Issue (i): Whether depreciation for assessment year 1983-84 was to be allowed at the amended rates brought into force from 2 April 1983.
Analysis: Depreciation rates are governed by the law in force on the first day of the relevant assessment year. The amended rules came into force on 2 April 1983 and therefore operated prospectively from the subsequent assessment year. The amended higher rates could not govern assessment year 1983-84.
Conclusion: The amended depreciation rates were not applicable for assessment year 1983-84. The answer was in favour of Revenue.
Issue (ii): Whether the payment described as lease rent under the composite arrangement was capital expenditure resulting in acquisition of a capital asset and, if so, whether the assessee was entitled to depreciation under section 32.

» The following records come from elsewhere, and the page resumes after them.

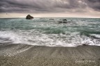Sembra scattata con un grandangolo e tagliata ai lati,la forte deformazione dell'orizzonte appare incongruente con le onde e l'effetto non è piacevole(almeno a me non piace )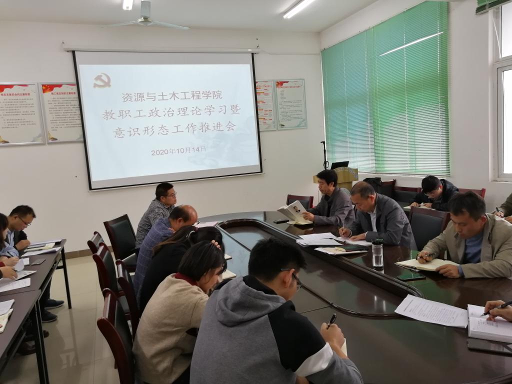 10月14日下午,资源与土木工程学院在三楼会议室召开全体教职工理论学习会,深入学习《习近平谈治国理政》第三卷,传达学校意识形态工作会议精神,部署学院意识形态工作。学习会由党总支书记刘领主持,全体教职工参加学习。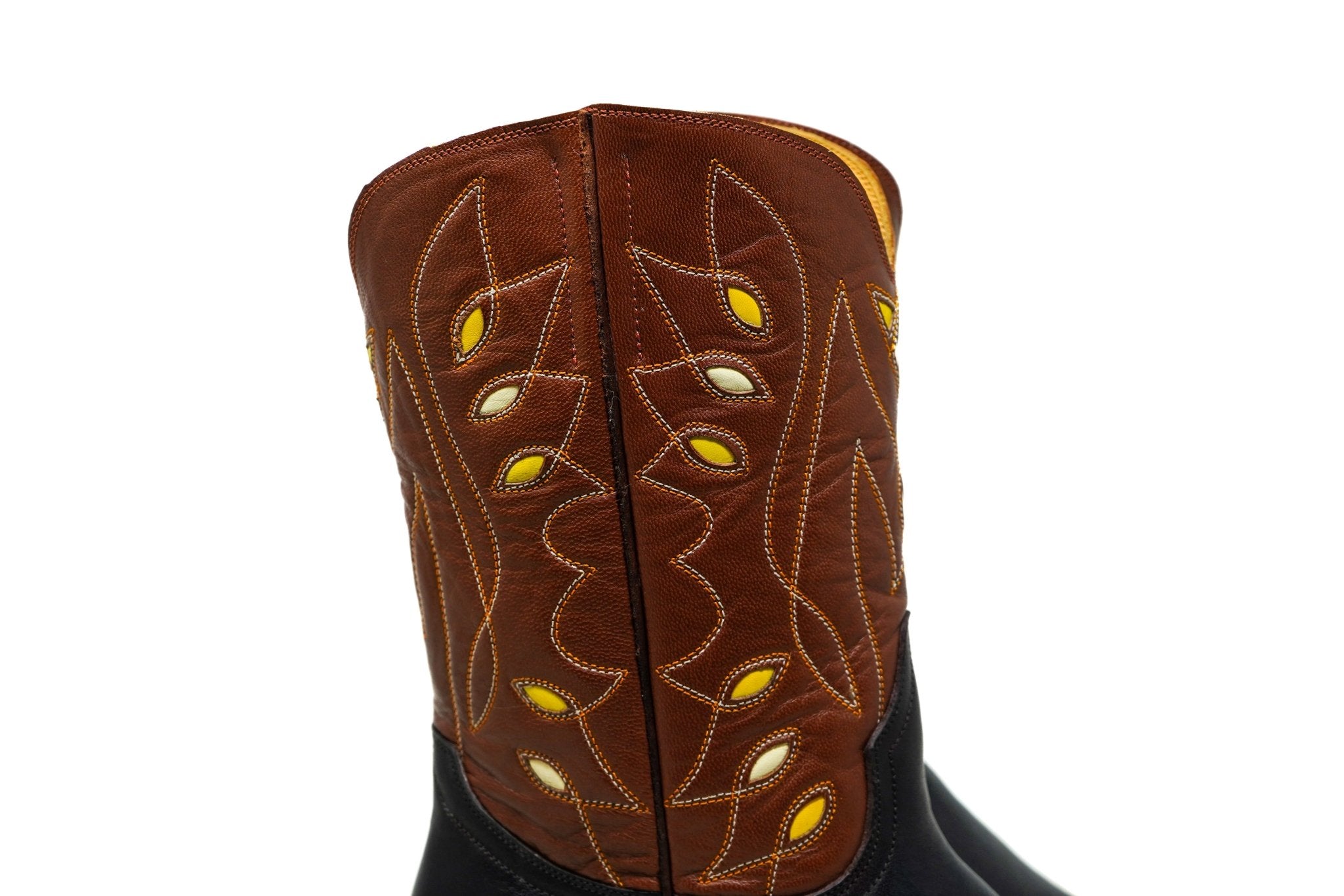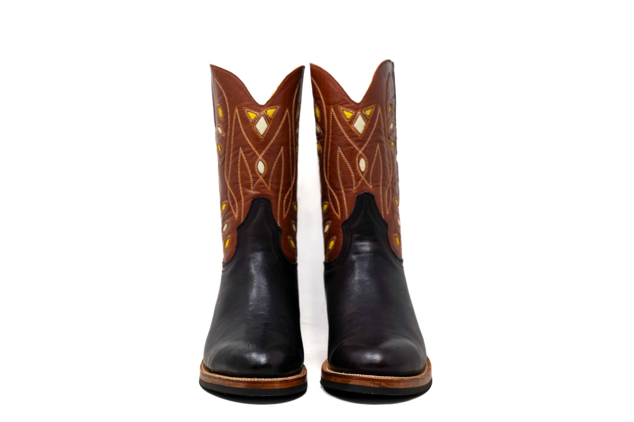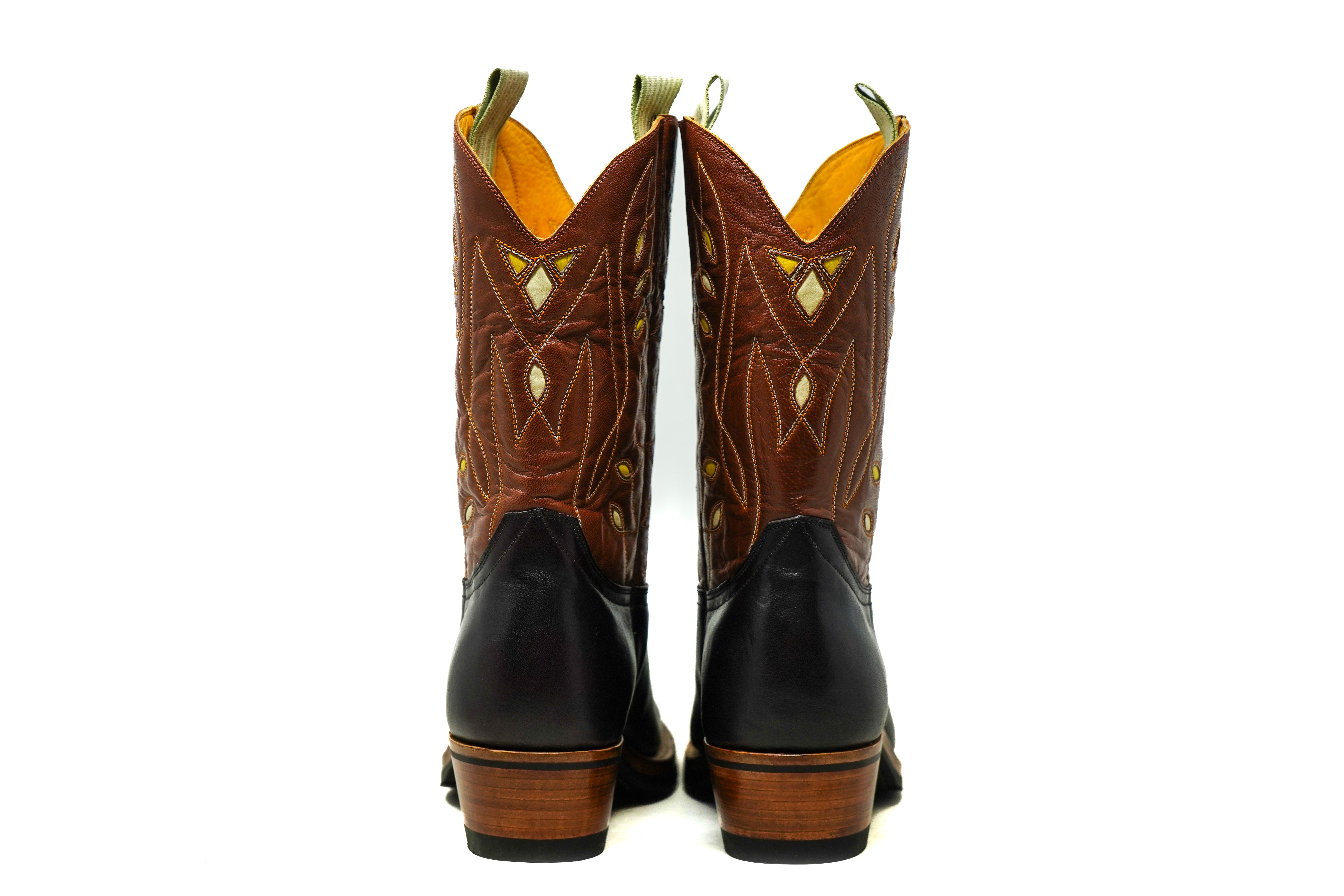 A bold reinterpretation of the classic Western boot, this pair combines dark brown calf leather with richly textured pull-up leather shafts featuring intricate inlays and contrast stitching. The result is a striking balance between traditional craftsmanship and contemporary character.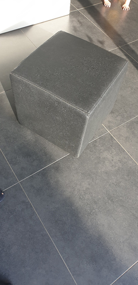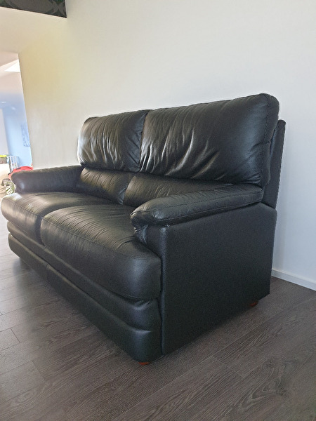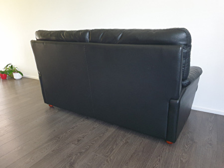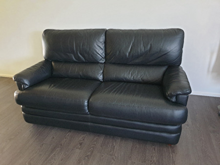 3-zit zetel zwart lider in zeer goede staat. Geen vlekken, krassen, scheuren of gaten. Breedte 190 cm.Lederen poef vierkant 40x40x40 cm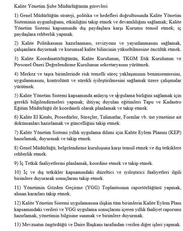 Kalite Yönetim Şube Müdürlüğü Görevleri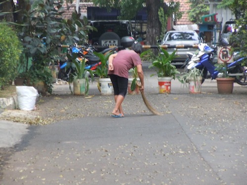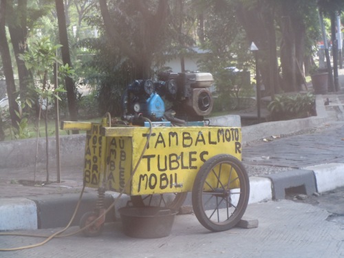 Si tratta di una macchina, un posto, un punto nella città, dove potete fermarvi a gonfiare le gomme, ogni tipo di gomma. Ce ne sono tanti in tutta Jakarta, alcuni più sofisticati, con grandi cartelli e un tettuccio per ripararsi dal sole. Altri Tubles (li chiamano così) sono più semplici, come questo che si trova all’inizio della mia via. Da quanto ho scoperto cosa sono e a cosa servono, mi è presa la mania di cercarli in tutta la città quanto vado in giro. Non trovate che sia un’idea di business geniale???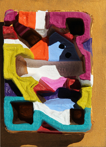 ZUCCHI ANDREA Imballaggio 2012 olio e acrilico su cartone sagomato su legno...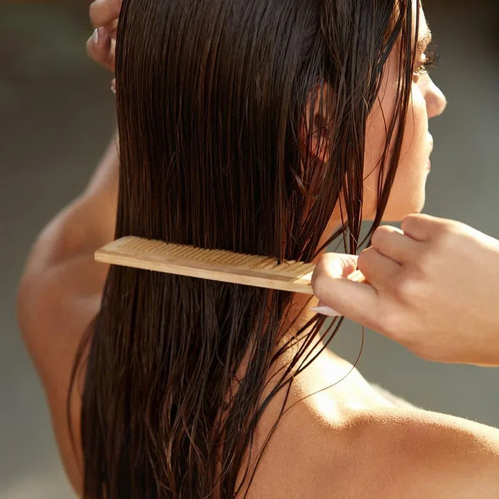 Then, use a wide-tooth comb and start detangling from the middle, instead of from hair roots. This reduces the strain to your scalp and strands, and minimises hair fall.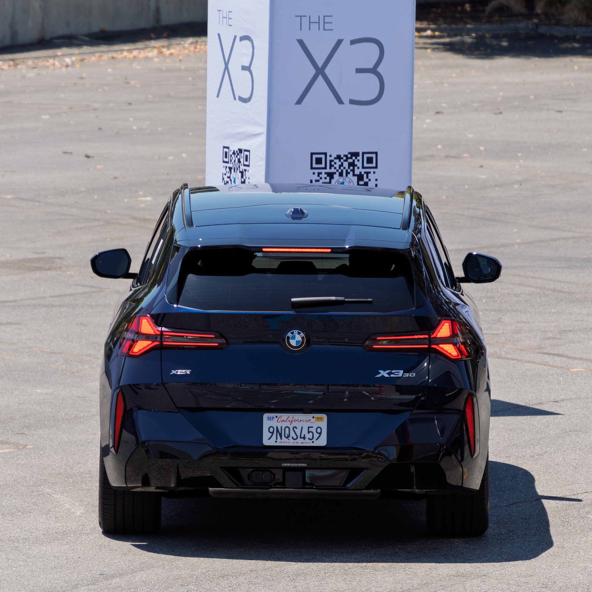 I am at a BMW test drive event in Silicon Valley. I just hopped out of the supremely comfortable 2025 BMW X5 50e, and, although the X5 is the X3’s big brother, it makes a bad point of reference for the X3 M Sport. Why? Well, the midsize X5 is one of BMW’s most luxurious offerings—it has four-wheel air suspension, a leather-clad interior, and a rear bench that comfortably accommodates three adults. The compact X3, on the other hand, is filled with reams of interior plastic and vinyl, has a non-adjustable sports suspension that bests granite for hardness, and it has a rear bench that leaves three adults cramped. Basically, the X3 M Sport is as hardcore as the X5 is comfortable.

Analysis: The lease deed and the contemporaneous purchase option agreement had to be read as one composite transaction. On that construction, the arrangement was intended to transfer the property to the assessee, the consideration stood effectively paid, and the assessee obtained rights consistent with ownership. The expenditure was therefore capital in nature. Since the assessee was treated as the owner for the purposes of the transaction, depreciation under section 32 was allowable on the capitalized amount, and the alternative contention that no depreciation could be granted merely because the formal conveyance had not yet been registered was rejected.
Conclusion: The amount was capital expenditure and the assessee was entitled to depreciation on it. The answer was against the assessee on the capital nature of the expenditure and in favour of the assessee on depreciation.
Final Conclusion: The reference was disposed of by answering the depreciation-rate issue in favour of Revenue and the composite-transaction and depreciation issue partly against the assessee and partly in its favour, with the operative effect that the matter stood finally concluded.
Ratio Decidendi: For income-tax purposes, the law applicable on the first day of the assessment year governs depreciation rates, and a contemporaneous composite arrangement may be construed as transferring ownership so as to justify capitalization and depreciation under section 32.